9Бриз Северного моря обдирает щеки, сушит губы. Мокрые дорожки, деревянный причал, вдалеке дымит катер. Стремится полный парус яхты; мокрые заросли осоки.
Прежде чем потянуться к северу вдоль моря, завернул в Дельфт, где поздно вечером деревенская пустошь пахнет прелой листвой и пивными дрожжами, часа три плелся вдоль канала, вдруг обмирая от утиных вскриков. Ночевал в Схевенингене, оттуда шел к мокрому песку и влажной соли ветра.
Два серфинга скользили у волнореза, нагнал велосипедист в комбезе, обеденные судки под жгутом на багажнике: «Шлехт веер!»
Да, плохая погода. Но я и не мыслю иной. Такая на родном острове Артеме бывает в ноябре… Утром хозяин гостиницы, бровастый полный старик, прихлебывая горячее пиво, рассказал, что в мае сорокового море хлынуло со спущенных плотин — остановило танки, но не самолеты.
Собака гоняет по мокрым блесткам своих следов чаячью стаю.
Дальше с пакетиком жареной картошки, грея им руки, через царство дюн я иду в Лейден.

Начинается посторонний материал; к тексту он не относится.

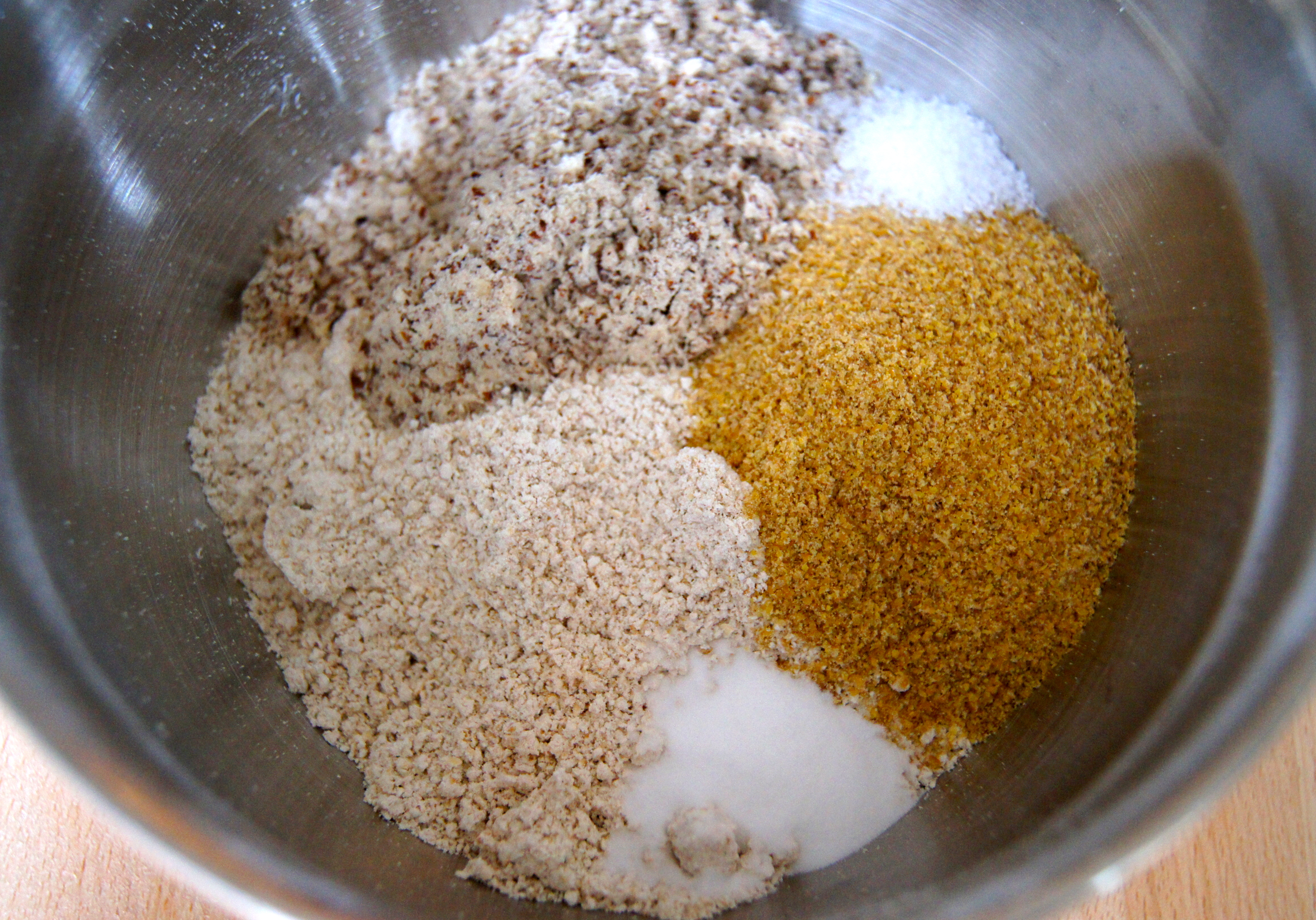 Preheat oven to 350 and grease a 9×5 inch loaf pan with butter. Place the oat flour, flax meal, almond meal, baking soda and salt in a medium bowl and whisk to combine.

В дюнах выкатываются на гребни и снова пропадают велосипедисты. Облака несутся с мрачным бешенством.
Лейден только к вечеру начинается с кампуса естественнонаучных факультетов, дальше — белая решетка стеклянного вокзала, вдалеке подымается собор, к нему клонится канал, полный блеска низкого солнца.
Лейден — шумный тесный городок, полный студентов и уюта.
Выйдя из бара-таверны, наполненного нефтяным рембрандтовским сумраком, я уставился в подсвеченную стену дома напротив. Когда заходил — не заметил. Надпись состояла из двух частей. Первая была сделана на языке оригинала, невиданным для кириллицы округлым шрифтом, аляповато, используя вместо «г» — «r»… А ниже, построчно — на голландском. Ученый город, муниципальная затея преподавания поэзии студентам: искры святости среди течения будничности, чтобы сердце не гасло, тлело, разгоралось. «Als mensen sterven — zingen…»[10]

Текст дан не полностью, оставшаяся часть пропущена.